### Supplied material
++++++++++
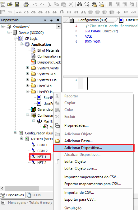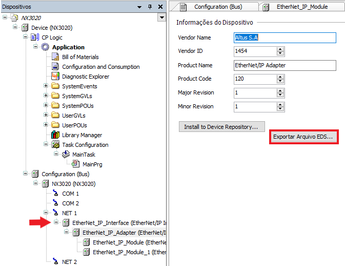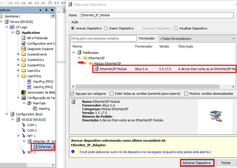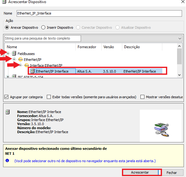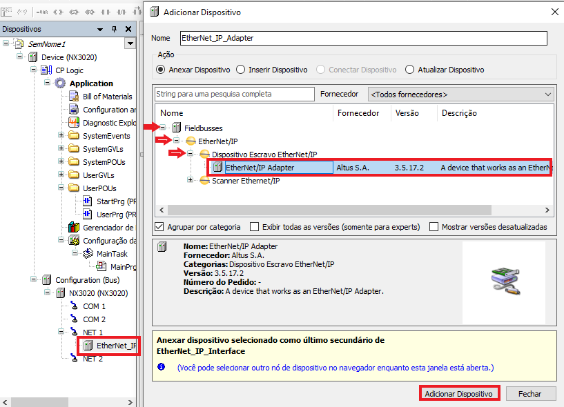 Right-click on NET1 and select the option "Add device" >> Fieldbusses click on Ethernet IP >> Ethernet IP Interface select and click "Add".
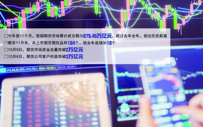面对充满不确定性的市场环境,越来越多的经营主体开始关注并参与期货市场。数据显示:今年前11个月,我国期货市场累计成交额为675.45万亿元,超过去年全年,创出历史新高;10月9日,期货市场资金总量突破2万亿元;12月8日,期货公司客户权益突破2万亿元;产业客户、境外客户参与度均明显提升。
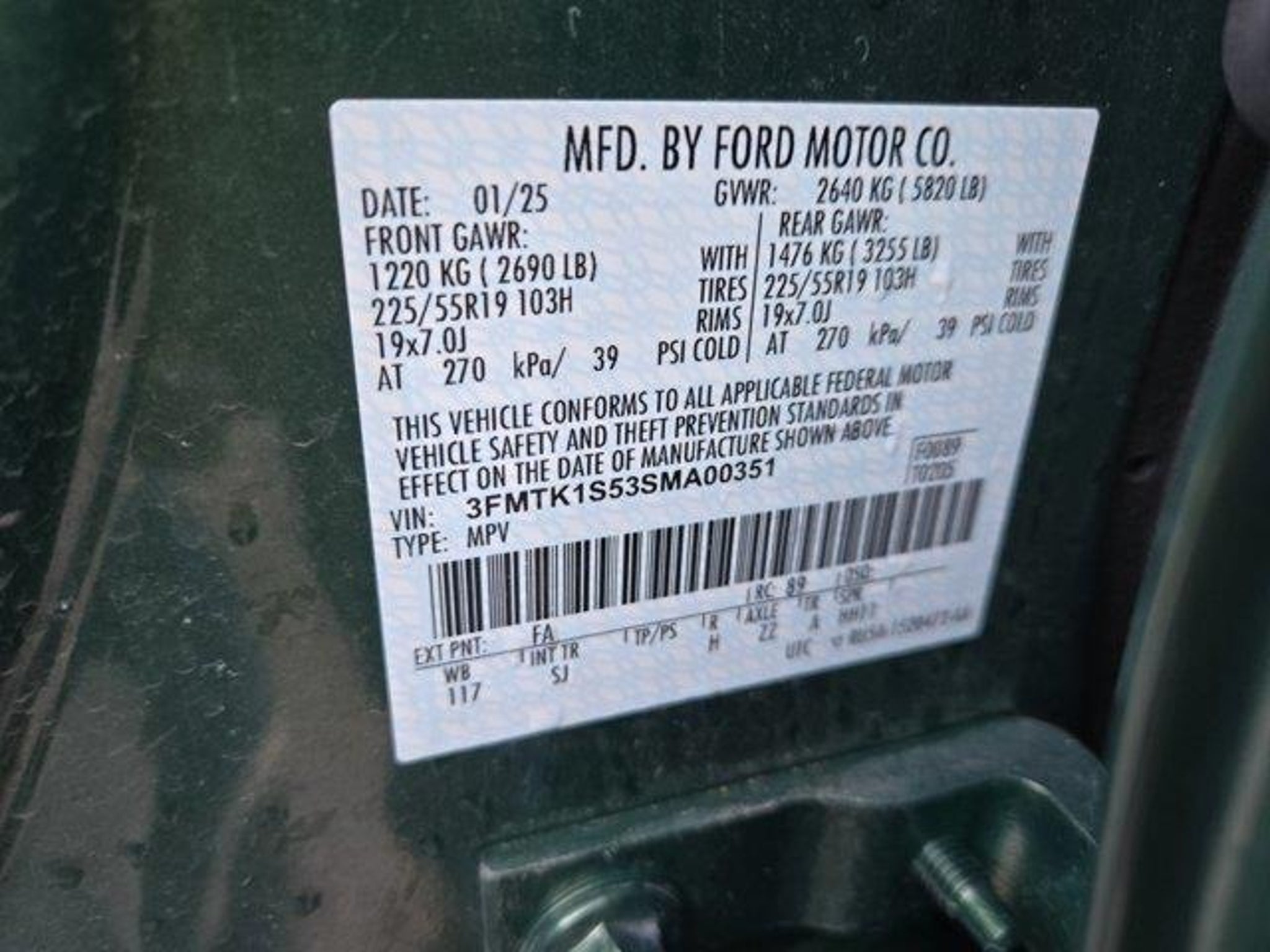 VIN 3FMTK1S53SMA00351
++++++++++
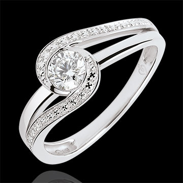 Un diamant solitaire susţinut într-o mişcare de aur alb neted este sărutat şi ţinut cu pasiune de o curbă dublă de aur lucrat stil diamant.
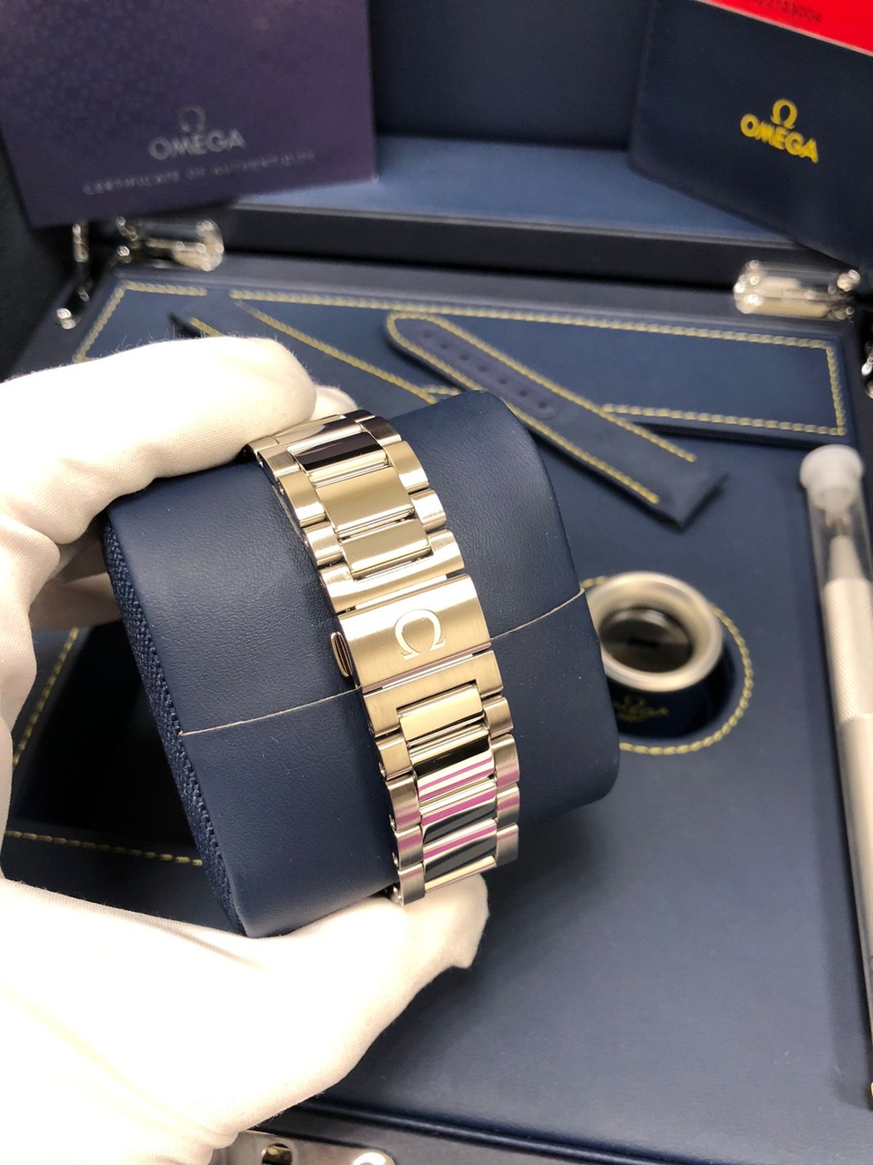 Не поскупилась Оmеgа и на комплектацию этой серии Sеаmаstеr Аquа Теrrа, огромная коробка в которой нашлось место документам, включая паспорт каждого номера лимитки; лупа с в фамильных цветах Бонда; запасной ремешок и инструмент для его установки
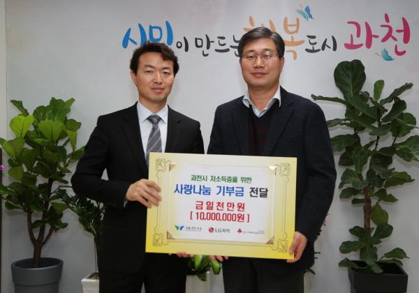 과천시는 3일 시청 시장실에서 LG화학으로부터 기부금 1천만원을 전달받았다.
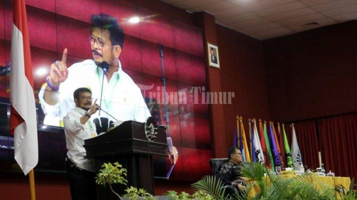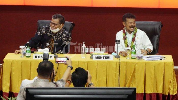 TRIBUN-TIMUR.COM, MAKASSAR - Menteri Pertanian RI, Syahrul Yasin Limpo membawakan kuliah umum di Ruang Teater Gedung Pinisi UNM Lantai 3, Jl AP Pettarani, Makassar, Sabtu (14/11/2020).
++++++++++
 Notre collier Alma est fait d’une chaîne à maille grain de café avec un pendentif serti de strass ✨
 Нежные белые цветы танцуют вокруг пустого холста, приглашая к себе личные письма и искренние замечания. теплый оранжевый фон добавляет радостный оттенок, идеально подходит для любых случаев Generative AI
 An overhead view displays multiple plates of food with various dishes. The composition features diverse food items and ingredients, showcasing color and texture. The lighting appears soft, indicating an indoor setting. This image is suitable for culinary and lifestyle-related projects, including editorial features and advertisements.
++++++++++
The lines above from the line with "面对充满不确定性的市场环境,越来越多的经" through the line with "VIN 3FMTK1S53SMA00351" are to be given again word for word, with no pictures among them.

### Expected output
面对充满不确定性的市场环境,越来越多的经营主体开始关注并参与期货市场。数据显示:今年前11个月,我国期货市场累计成交额为675.45万亿元,超过去年全年,创出历史新高;10月9日,期货市场资金总量突破2万亿元;12月8日,期货公司客户权益突破2万亿元;产业客户、境外客户参与度均明显提升。
 VIN 3FMTK1S53SMA00351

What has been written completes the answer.